2.) I have a dynamic array and I wish to preinitialise its alloc cell to be a certain large size so that I don’t need to reallocate often initially. I tell myself that I can set the .length property. Is that true?

2a.) And what happens when the cell is extended, is the remainder zero-filled or remaining full of garbage, or is the size of the alloc cell something separate from the dynamic array’s knowledge of the number of valid elements in it ?
June 20, 2023
On Tuesday, June 20, 2023 8:09:26 PM MDT Cecil Ward via Digitalmars-d-learn wrote:
> First is an easy one:
>
> 1.) I have a large array and a sub-slice which I want to set up to be pointing into a sub-range of it. What do I write if I know the start and end indices ? Concerned about an off-by-one error, I have start_index and past_end_index (exclusive).

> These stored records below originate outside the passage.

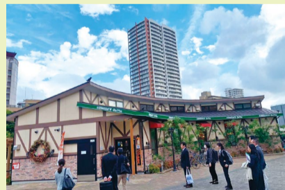
北九州市Park-PFIによる喫茶店誘致
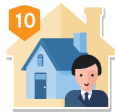
訪客及 第三人責任
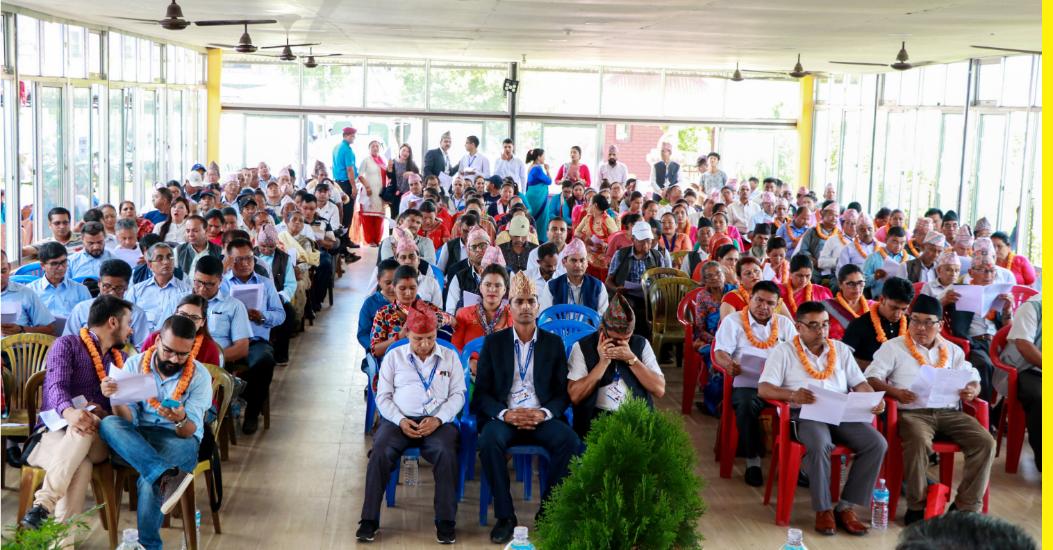
पाँचौ नगर सभा (बजेट, नीति, योजना तथा कार्यक्रमको प्रस्तुतीकरण) उद्घाटन समारोह

When slicing, the end index is exclusive. e.g.

    auto a = "0123456789abcdef";
    assert(a[3 .. 8] == "34567");

As a consequence of that, the end index minus the start index is the length of the resulting slice. It also means that $ always refers to one past the end of the array.

> 2.) I have a dynamic array and I wish to preinitialise its alloc cell to be a certain large size so that I don’t need to reallocate often initially. I tell myself that I can set the .length property. Is that true?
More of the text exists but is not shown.